*** Opening of Entries shown ***

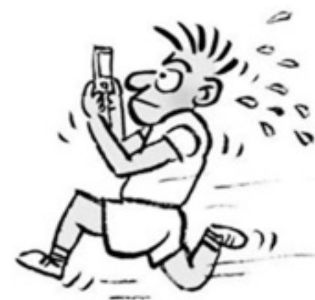
专家说走路不能玩手机 吓得我现在都是跑着玩手机了

23. 电视剧《觉醒年代》展现了从新文化运动、五四运动到中国共产党建立这段波澜壮阔的历史画卷,艺术地再现了一百年前中国的先进分子和一群热血青年演绎出的一段追求真理、燃烧理想的澎湃岁月,深刻地揭示了马克思主义与中国工人运动相结合和中国共产党建立的历史必然性。这表明
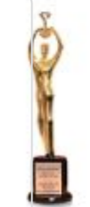
تندیس مدیران شایسته
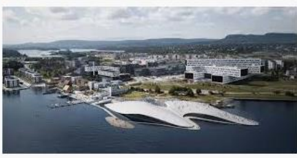
Fornebu kan få Nord-Europas største ... tu.no
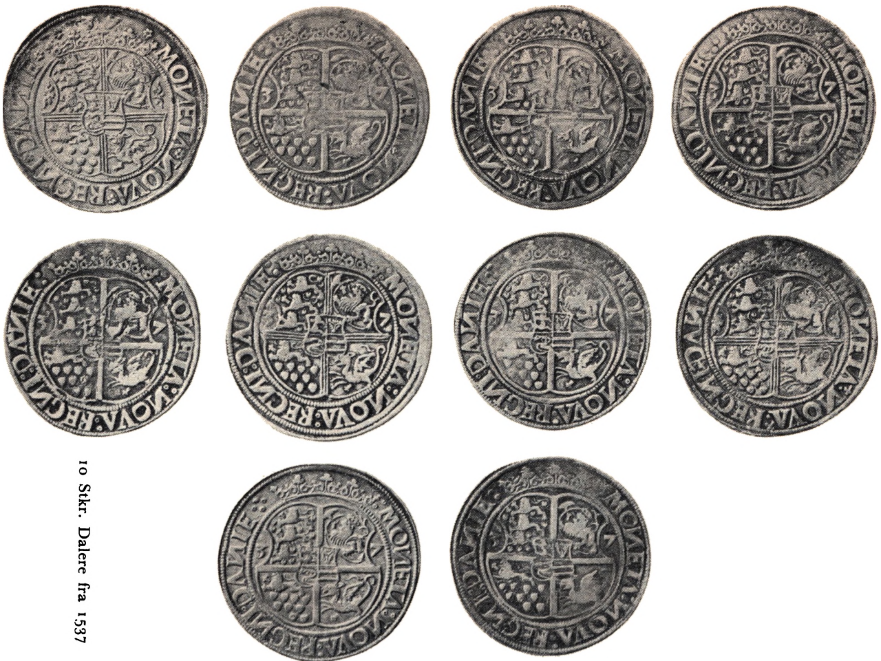
10 Siker. Dalarna fra 1537
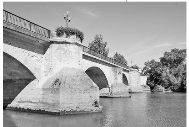
Ben Sie dort – vor oder nach dem Neckar-Rundweg – frische Backspezialitäten und Getränke. ■

Das Backhaus lädt an diesem Tag ab 11 Uhr zum Backhausfest ein. Genie-
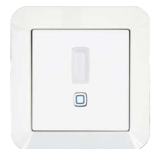
GIRA Standard 55
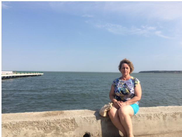
Крым Керченский пролив
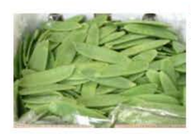
VEO35 2 kg Taccole
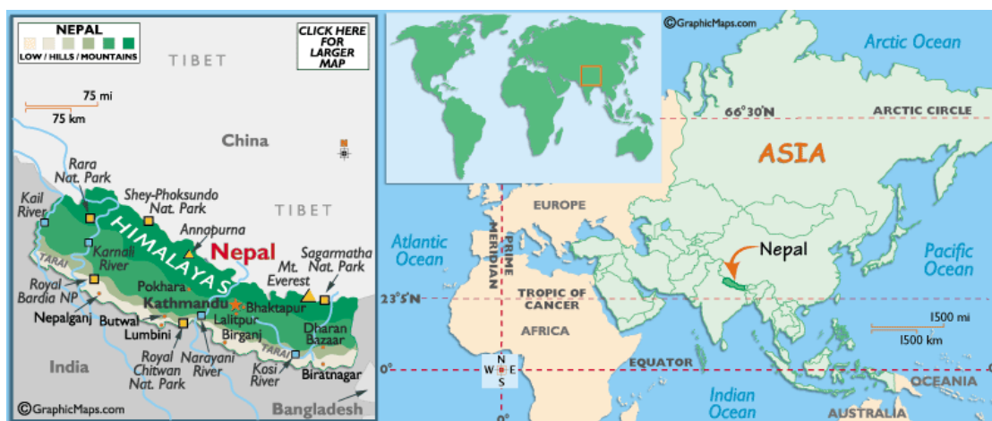
Obrázek č. 3: Mapa Nepálu
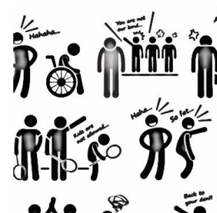
Geen discriminatie geen intimidatie
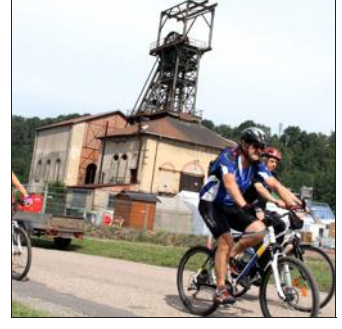
La manifestation cycliste transfrontalière se déroulera dimanche de 10h à 18h, au Parc Explor à Petite-Rosselle.

La manifestation populaire du Vélo Saar Moselle fêtera dimanche son 15 e anniversaire, sur le thème «70 années de paix et d'amitié». En effet, les intercommunalités franco-allemandes de la région ainsi que les nombreuses associations participantes sont à l'initiative de cet événement cycliste transfrontalier, qui aura lieu de 10h à 18h, au Parc Explor à Petite-Rosselle. Cette fête est destinée à tous, petits et grands, cyclistes débutants ou entraînés, chacun trouvera son bonheur parmi les différents parcours proposés! Le groupe musical Sarbruck Libre, des spécialités culinaires régionales, des informations
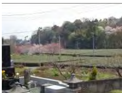
慈眼庵からクロスケの家の 方面を臨む
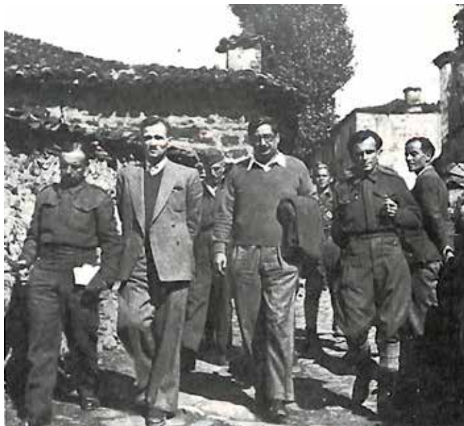
Κλιμάκιο υπουργών (Γ. Ζέβγος, Θεμ. Τσάτσος) και ο Π. Ρούσος φθάνουν στο Αεροδρόμιο

*** Close of Entries shown ***

Exercise objective
Above are some entries; copy exactly the lines from the line with "La manifestation populaire" through the line with "慈眼庵からクロスケの家の 方面を臨む", both included, but none of the pictures.

Exercise response
La manifestation populaire du Vélo Saar Moselle fêtera dimanche son 15 e anniversaire, sur le thème «70 années de paix et d'amitié». En effet, les intercommunalités franco-allemandes de la région ainsi que les nombreuses associations participantes sont à l'initiative de cet événement cycliste transfrontalier, qui aura lieu de 10h à 18h, au Parc Explor à Petite-Rosselle. Cette fête est destinée à tous, petits et grands, cyclistes débutants ou entraînés, chacun trouvera son bonheur parmi les différents parcours proposés! Le groupe musical Sarbruck Libre, des spécialités culinaires régionales, des informations
慈眼庵からクロスケの家の 方面を臨む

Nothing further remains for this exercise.